While the trial court's pronouncements from the bench following appellant's hearing found paragraph six of the agreement had not been materially breached by appellee's submission of a minor female's deposition to the Butler County Children's Service Bureau, and glossed over testimony by a city commissioner that he told another city commission candidate that the charges against appellant pertained to sexual harassment, we find the trial court's refusal to recognize a breach of the agreement and to award appellant a writ of mandamus was proper.

We begin by noting that the subject controversy stems from an investigation of alleged wrongdoing by a public employee. This investigation led to the preparation of a report concerning that alleged wrongdoing. R.C. 149.43 defines a "public record" as, inter alia, any record kept by a public office, including the city. As we read R.C. 149.43(A), the report prepared concerning appellant's alleged wrongdoing is a public record. Barton v. Shupe (1988), 37 Ohio St.3d 308, 309, 525 N.E.2d 812, 813; State, ex rel. Dispatch Printing Co., v. Wells (1985), 18 Ohio St.3d 382, 18 OBR 437, 481 N.E.2d 632; State, ex rel. Cincinnati Post, v. Marsh (1985), 26 Ohio Misc.2d 5, 26 OBR 277, 498 N.E.2d 508. Since it was a public record and since Ohio law favors disclosure of public records, Barton, supra, the agreement between appellant and appellee to refuse to disclose the substance of these materials was an illegal contractual provision. Since Ohio courts will not enforce illegal contract provisions but will leave the parties where it finds them, Forsythe v. State (1833), 6 Ohio 20, this court need not decide whether appellee breached paragraph six of its agreement with appellant because that paragraph, even if violated, was unenforceable. Consequently, we conclude appellant was not entitled to mandamus relief even if he proved a violation of paragraph six of his agreement with appellee. Barton, supra.

Because we find paragraph six of the agreement before us is illegal and unenforceable, we conclude appellant's first assignment of error must be overruled.

We recognize, however, that to the extent its provisions are not illegal, the agreement between appellant and appellee was and is a valid and enforceable contract. Suesskind v. Wilson (1931), 124 Ohio St. 54, 176 N.E. 889, syllabus.

Because appellant's first assignment of error is not well-taken, his third, fourth, fifth, seventh, eighth, ninth, tenth, eleventh, and twelfth assignments of error, all of which presuppose the availability of mandamus relief for a violation of paragraph six, are also not well-taken and must be overruled.

For his second assignment of error, appellant alleges:

"The trial court erred to the prejudice of Dwyer when it ignored persuasive legal precedent that Dwyer might withdraw his resignation."

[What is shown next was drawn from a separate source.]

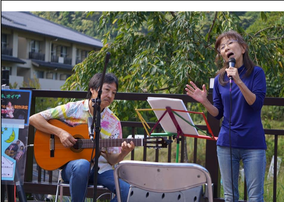
緑の木々や駅での演奏が異空間にいるようで最高に素敵でした。

In support of his second assignment of error, appellant argues the common pleas court erred in concluding he was not entitled to withdraw his resignation and be reinstated through mandamus when he learned appellee had allegedly breached the terms of its agreement with him. We agree generally with appellant's argument but find it not well-taken in this case.

Black's Law Dictionary (5 Ed. 1979) 1177, defines a "resignation" as a "[f]ormal renouncement or relinquishment" of office made with the intention of relinquishing the office and accompanied by "an act of relinquishment." This definition suggests an effective resignation requires two distinct components: first, an intention to resign, and, second, an act of relinquishment. Bearing this two-component test in mind, we have examined the facts before us.

On July 2, 1987, the same day he and appellee entered into an agreement settling the dispute between them, appellant tendered a resignation which was to be effective on October 31, 1987. While Burns immediately accepted this resignation, it is noteworthy that until October 31, appellant remained on appellee's payroll even though he no longer performed the duties of his office. Because appellant's July 2 resignation was not effective immediately, it was obviously not executed with an in praesenti intent to relinquish the office of chief of police, but with the intent of relinquishing that office in the future, i.e., on October 31. Consequently, while appellant may have performed an act of relinquishment by not reporting for work or attempting to perform his duties as chief of police after July 2, he expressed no intention to resign from that position before October 31. Therefore, appellant's resignation was not legally complete until October 31, 1987.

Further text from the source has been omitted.